Not concerning myself with a brand saves me time and headaches. Frankly, I’m a terrible designer and don’t care enough about it to hire someone to develop a brand for me. More importantly, it feels liberating! I get to break rules: I can whip out a new theme on a whim. It doesn’t have to meet any standards, either! The quickest thing I can conjure is a basic greyscale theme where links still have their vanilla blue colours. That’s good enough, and something I can and will ship.

A personal touch

Despite being unbranded, I do want to add a personal touch. In a previous restyle adventure I did in Figma, the concept started with “I like space photography”, which quickly turned into a generic Linear-esque dark blue and purple-themed site that we’re seeing too much of lately. The reception of the first draft was positive among friends. On that first draft, the logo was just a picture, and someone suggested replacing it with a Fronteers Slack community meme: my cat yawning, which ended up as a custom Slack emoji. I ditched the rest of the design because it was too slick for my taste, but the idea of swapping the logo with a bunch of random pictures and emojis of things that I like, stuck.

What started as a joke became a way to express personality subtly. It’s a bit odd, not unlike myself, and adds just the personal touch I wanted.

Type

Thanks to the absence of a personal brand, I can let go of the notion that type has to be consistent or fit the brand. Because of that, I went from Source Sans Pro to whatever Transitional serif is installed on the visitor’s platform.

I just copied the modernfontstacks.com stack that I found easiest to the eyes when reading a couple of paragraphs, which is Transitional serifs for me. Although I assume the stacks are based on similarity, rather than legibility within a specific style, I’m okay with finding that out the hard way. After all, I can change things on a whim.

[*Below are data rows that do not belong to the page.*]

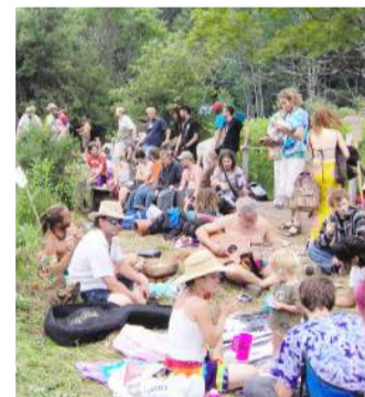
Čia susirinko įvairiausių tautybių žmonės.

sava kultūra ir papročiai. Žmonės dainuoja, šypsosi be priežasties. Mankština, medituoja, užsiimnėja joga ar net meldžiasi saviems Dievams. Ir mums teko sudalyvauti jų apeigose, kurios paliko didžiulį įspūdį. Susirinkę pietauti visi rankomis susikibo į didžiulį ratą, dalindamiesi energija ir skleisdami įvairiausias garsus. Vėliau iškėlė rankas į Saulę ir nusilenkė Žemei. Tai buvo lyg savotiška malda ir padėka. Pasak jų, šis ritualas padeda nurimti. Tai yra kilę iš rytų tikėjimų, persipynę iš įvairių kultūrų papročių ir taikoma čia – hipių judėjime.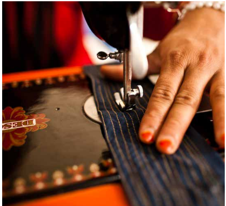
UNA DONNA FREQUENTA UN CORSO DI CUCITO

La strada, i cui lavori saranno interamente conclusi nell'agosto 2016, è stata realizzata grazie a un contributo italiano di oltre 100 milioni di euro e, con i suoi 136 chilometri, costituisce la parte orientale dell'asse centrale di attraversamento del paese, servendo circa un milione di abitanti tra le province di Maidan-Wardak e Bamiyan. Prima dell'intervento di ricostruzione, per percorrere il tragitto tra Kabul e Bamiyan si impiegavano dieci ore; il tracciato era chiuso durante l'inverno e in condizioni di cattivo tempo a causa di frequenti inondazioni e frane. Oggi, lo stesso tratto si percorre in sole tre ore, diminuendo così i costi di trasporto e di manutenzione dei veicoli e permettendo a insegnanti e medici di raggiungere più facilmente i villaggi dell'entroterra. Grazie a Remabar, la frequenza scolastica di bambini e bambine è aumentata, è migliorato l'accesso delle donne ai centri sanitari e lungo la strada sono sorte diverse attività commerciali. Oltre alle iniziative nel settore delle infra-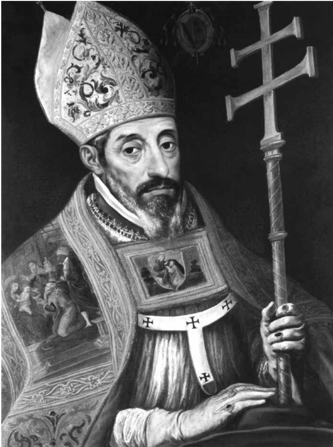
Figura 7. Luis Tristán. Retrato del Cardenal Bernardo Sandoval y Rojas. Toledo, Sala Capitular de la Catedral de Toledo.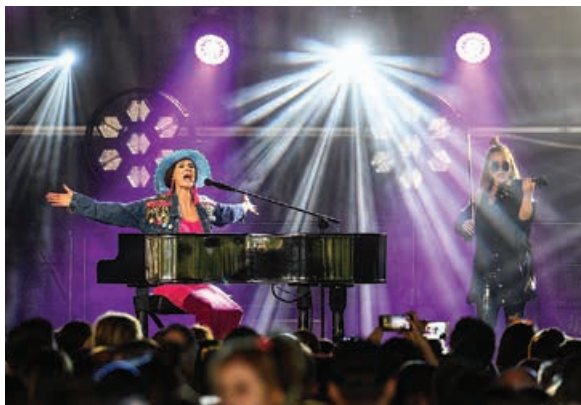
Majówka pod Dębowcem – koncert Sylwii Grzeszczak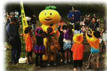
ハロウィンパレード(160名参加)にはゆず郎やペキータの姿も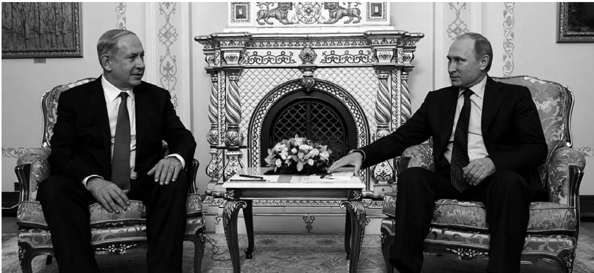
El primer ministro israelí, Benjamín Netanyahu, junto al presidente ruso Vladimir Putin

La movida militar rusa en Siria vino precedida, entre otras cosas, por un encuentro entre el primer ministro ruso, Vladimir Putin, y su par israelí, Benjamín Netanyahu. Allí, Rusia dio garantías de que el nuevo operativo militar no comprometería los intereses estratégicos de Israel. Señal de ello es que el régimen sionista volvió a lanzar misiles contra posiciones del ejército sirio en las alturas del Golán, respondiendo, según sus autoridades, a un ataque previo de morteros provenientes de esa zona. Rusia hizo la vista gorda a este episodio pese a la encendida defensa que hace de su aliado sirio, Bashar al-Asad, en Naciones Unidas.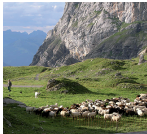
L'utilisation de CPT demande de la part de la personne qui les prend en charge des connaissances supplémentaires et de l'expérience.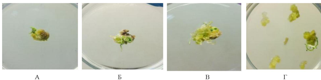
Рисунок 1 – образование первичных растений-регенерантов на селективных к КФ гриба рода Fusarium solani каллусных культурах картофеля: А, Б – первичные растения-регенеранты сорта «Аксор»; В, Г – первичные растения-регенеранты сорта «Невский»

Получение растений-регенерантов новых линий картофеля сортов «Аксор» и «Невский». Получение растений-регенерантов из селективных каллусных культур является достаточно трудоемким процессом, отличающимся низким выходом растений-регенерантов. Для повышения инициации растений-регенерантов из селективных морфогенных каллусов картофеля обоих сортов проводили предварительное культивирование в стрессовых условиях с низкими положительными температурами [3], после чего культивировали на оптимизированной питательной среде МС для каллусогенеза, содержащую витамины – 5,0 мг/л, 2,4 D – 5,0 мг/л, Fe-хелат – 5,0 мг/л и получали устойчивые каллусные линии. Каллусы культивировали в термостате при постоянной температуре 24 o C и 70%-ной влажности воздуха, без освещения. Пассажи проводили 1 раз через 10–12 суток. Затем каллусы помещали на среду для стимуляции регенерации с добавлением витаминов и гормонов: кинетин – 0,5 мг/л и 2,4 D – 0,5 мг/л и культивировали на свету. Через 5–6 недель культивирования селективных морфогенных каллусов получены первичные проростки растений-регенерантов обоих исследуемых сортов картофеля (рисунок 1).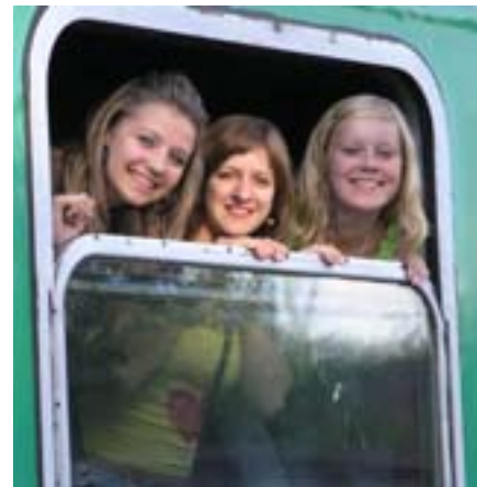
Uradowane pasażerki w oknie przedziału.

W dniu 10 sierpnia ok. godz. 18. dworzec PKP w Olecku ożył. Po raz pierwszy doszło tu do niecodziennego spotkania dwóch pociągów pospiesznych, pierwszego „Hańcza” – relacji Suwałki-Warszawa i drugiego „Jaćwing” relacji Suwałki-Wrocław.

I might end up adding components to customize the reading experience, similar to how an e-reader lets you adjust the type, size, and spacing. We’ll see.

Will I blog more?

Maybe? Similarly to my other hobbies, the motivation for blogging comes and goes. I appear to cycle between blogging, gaming, working on side projects (that I hope to monetize but never release), and face-to-face time with family and friends.

I do hope this rebuild and restyle eliminates one of the barriers, though. Although turning a blob of thoughts into a cohesive article is the biggest challenge for me, perhaps lowering other barriers — actual or imaginary — makes enough of a difference to make me publish more often. We’ll see!